• **WHAT TO PRODUCE**: None of the images should appear in your copy. Transcribe the data in full.

• **INFORMATION SHOWN**:
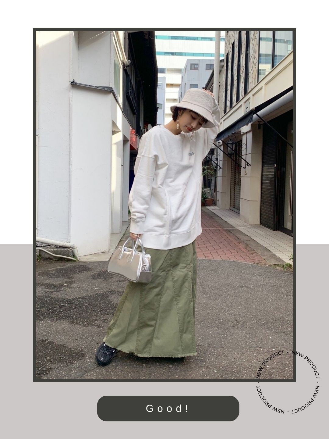 本来、山道を歩くためのタフな機能を備えたML703をあえて女性らしいロングスカートに合わせた「スポーツミックス」のバランスが秀逸です。きれいめな装いにあえて「ギア」としての側面を持つニューバランスを差し込むことで、気取らないけれどこだわりを感じさせるこなれた街歩きスタイルを完成させています。
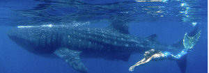 Wolbert has never visited SeaWorld, and doesn’t plan to. “I won’t put any money toward keeping animals in captivity,” she says. Above, swimming with whale sharks. Photo: Jewels Diver
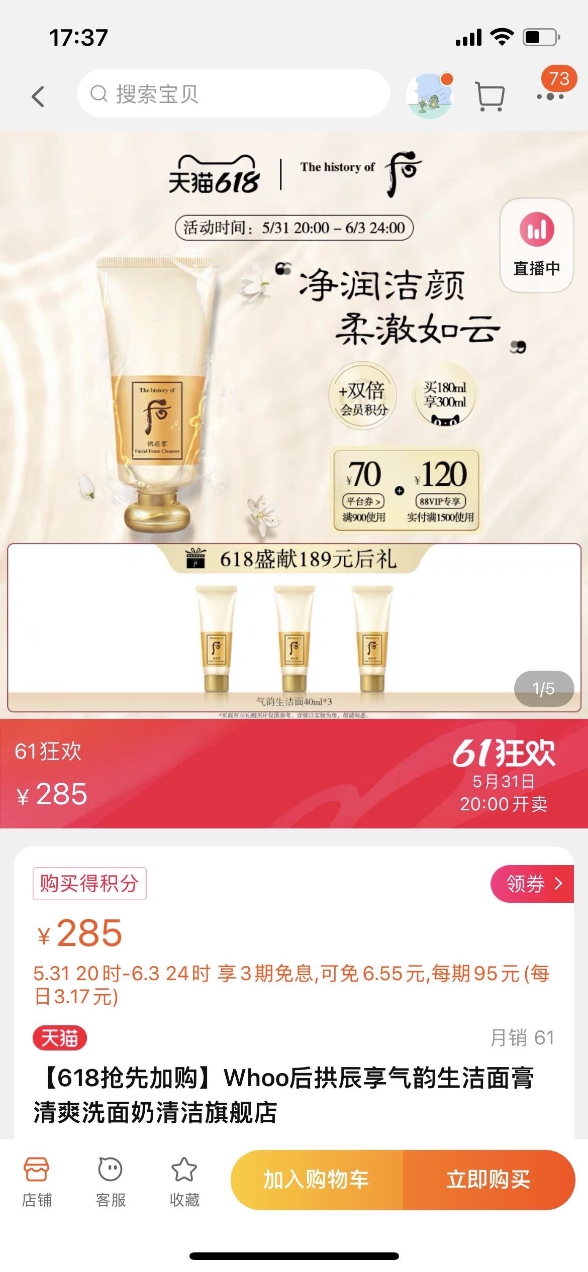【品名】正品韩国后拱辰享洗面奶
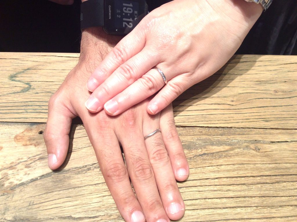 さて、本日は平日のお仕事帰りしか、おふたりのご都合があわずお疲れのところわざわざご来店下さったご夫婦様のご結婚指輪のご紹介です♪

• **ANSWER SPACE**:
 本来、山道を歩くためのタフな機能を備えたML703をあえて女性らしいロングスカートに合わせた「スポーツミックス」のバランスが秀逸です。きれいめな装いにあえて「ギア」としての側面を持つニューバランスを差し込むことで、気取らないけれどこだわりを感じさせるこなれた街歩きスタイルを完成させています。
 Wolbert has never visited SeaWorld, and doesn’t plan to. “I won’t put any money toward keeping animals in captivity,” she says. Above, swimming with whale sharks. Photo: Jewels Diver
【品名】正品韩国后拱辰享洗面奶
 さて、本日は平日のお仕事帰りしか、おふたりのご都合があわずお疲れのところわざわざご来店下さったご夫婦様のご結婚指輪のご紹介です♪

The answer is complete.